AT&T will pay $60 million to settle the government’s allegation that it misled customers of unlimited-data plans by slowing down service for heavy users.
The Federal Trade Commission said Tuesday that AT&T will automatically provide partial refunds to customers who signed up for unlimited wireless plans before 2011.
“AT&T promised unlimited data—without qualification—and failed to deliver on that promise,” said Andrew Smith, Director of the FTC’s Bureau of Consumer Protection. “While it seems obvious, it bears repeating that Internet providers must tell people about any restrictions on the speed or amount of data promised.”

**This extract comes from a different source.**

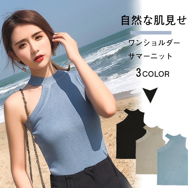 自然な肌見せができるレディースワンショルダートップス~サマーニットで暑くないし、フェミニンアップ ストレッチがあるカットソー素材で柔らかい~シンプルコーデにオススメ一品です
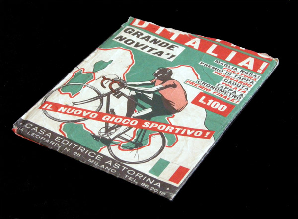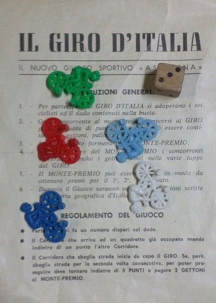The clue for dating the game is the picture of the rider on the bottom right corner. Though the picture is not too good, I would say that it is Gastore Nencini, winner of the 1957 Giro d'Italia. My guess (and it just a guess) is that the game features the winner of the last edition of the Giro, in which case it might be a game made for the 1958 season.

The FTC sued AT&T in 2014 for not clearly letting customers know that if they used up a certain amount of data, AT&T would slow their speeds so much that web browsing was almost impossible. It said then that AT&T had throttled at least 3.5 million customers.
The agency says AT&T is required to say prominently if data speeds or amounts are restricted.
Today, AT&T’s website says it may slow speeds of unlimited plans after a certain amount of data is used.
“The $60 million paid by AT&T as part of the settlement will be deposited into a fund that the company will use to provide partial refunds to both current and former customers who had originally signed up for unlimited plans prior to 2011 but were throttled by AT&T,” the FTC said.
“Affected consumers will not be required to submit a claim for the refunds. Current AT&T customers will automatically receive a credit to their bills while former customers will receive checks for the refund amount they are owed.”